Who is to blame for the Union defeat at Fredericksburg: Halleck, Lincoln or Burnside?
Attack on Marye’s Heights
Ambrose Burnside. He was the worst general on either side, and he caused the unnecessary deaths of many brave Americans.
That seems a bit harsh considering the competition. Burnside was out of his depths as an army commander, but he was mostly competent, though not spectacular, with smaller units. He did quite well in North Carolina and Tennessee, for instance.
It’s so easy to malign Burnside because he was so spectacularly mediocre. However, he had a solid plan under politically stressful conditions.
Lincoln for putting enough pressure on Burnside to force him to got through with the battle, Franklin for messing up Prospect Hill, and that lovely Fog of War for generally messing things up.
Robert E. Lee
You beat me to it–yep–he was the person to blame. His strategy was superior, his choice of ground was better, and he fought his army superbly.
That’s not fair! You might as well blame Lee for Grant sending all those men to their death at Cold Harbor.
I do agree
I don’t know how much credit Lee deserves for Fredericksburg. He was slow to respond to Burnside’s advance, and failed to coordinate his corps’ arrival – there was a week in between Longstreet and Jackson arriving. If Burnside had been more aggressive, he could have gotten across the river and defeated the AoNV in detail.
As for Lee’s superior strategy, it doesn’t really take a tactical genius to come up with a plan to dig in behind cover on the high ground and shoot anyone wearing blue.
From what I understand, it was a joint creation of all three. Under the principle that the top dog bears the ultimate responsibility, I guess that Lincoln gets the blame.
Sorry, I beg to differ
Amanda mentions the principle “top dog gets the blame” – what if there’s a ridiculous, low-budget video involved?
ummm–Grant chose NOT to send in men earlier, claiming there would be too much loss of life. Then he turns around & commits to a frontal assault at Cold Harbor (Cool Arbor!). So I have no idea–he could have entrenched . . .
Links to this video? I will trade for a link to the text from Big Brother–the Civil War Episodes.
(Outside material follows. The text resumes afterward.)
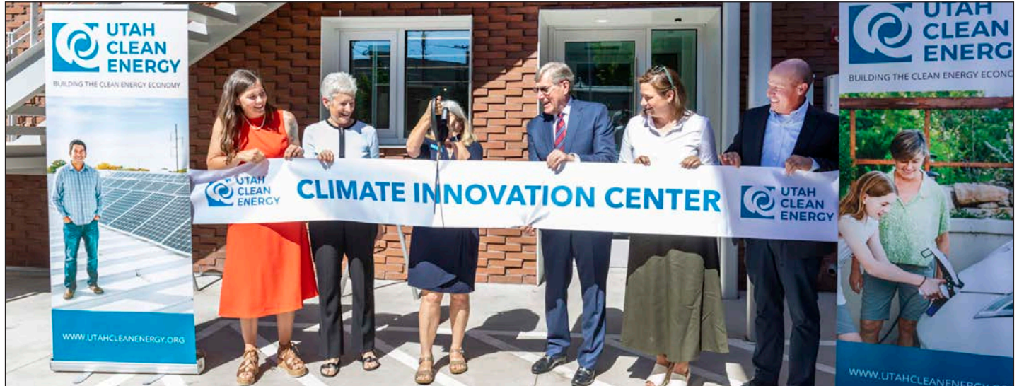
Utah Clean Energy officials and dignitaries cut the ribbon for a renovated building aimed at being an example of a zero-energy structure whose energy efficiency can be replicated in homes and other buildings across the West. The Climate Innovation Center in Salt Lake City also will be home of the nonprofit organization.

New clean energy facility aims to 'lead by example'

I always thought Hardie, Franklin and Burnside should all share the blame. If the three of them could have worked out their communication problems it just might have worked.
Burnside. Even he knew that he shouldn’t lead an army, but he attempted to do so anyways. He failed to ensure that the pontoon bridges would be in place; once they finally arrived, Burnside took his time putting them in place, giving Lee more than enough time to dig in. To compound the error, Burnside ordered piecemeal attacks spread out over the line rather than one strong thrust that might have overwhelmed defenses. He failed to coordinate the attacks adequately, and generally proved himself correct in saying that he was incompetent to command an army.
I always thought the Confederates had something to do with it, too.
Halleck. Hands down. That’s not to say Burnside might have gotten to Richmond so easily. I think he’d have zipped through Fredericksburg had his pontoons been there–but then he might just as easily lost a battle somewhere else (like the North Anna, for instance, where he seemed to have trouble enough a year and a half later, anyway).
This was Franklin’s take on the campaign. “The moral I wish to draw from Halleck’s prevarication is, that the administration intended that Burnside should move forward at any cost, and did not care how many lives were lost, or what good were done only so that there was a fight. In other words it was determined to pander to the radical thirst for blood which has lately been so rife.”
That is sobering…
Isn’t the fascinating thing about war is that you can’t assign blame or credit to one side? A decision or action can only be considered a mistake when the enemy’s action renders it a mistake.
I’ve read Frank O’Reilly’s excellent history some years ago, but leading up to the sesquicentennial, I finally picked up a short book I inherited, “Fiasco at Fredericksburg” by Vorin Whan (1961). What this book seemed to highlight was how certain decisions, or combinations of decisions, either opened options, or closed them. Lincoln and Halleck’s actions seemed to close off options for Burnside, while his subsequent decisions proceeded to close off options until he was left with either a brutal frontal attack or admitting failure and withdrawal. Lee, on the other side, was able to keep options open, almost throughout the campaign.
Looking forward to picking up “Simply Murder”.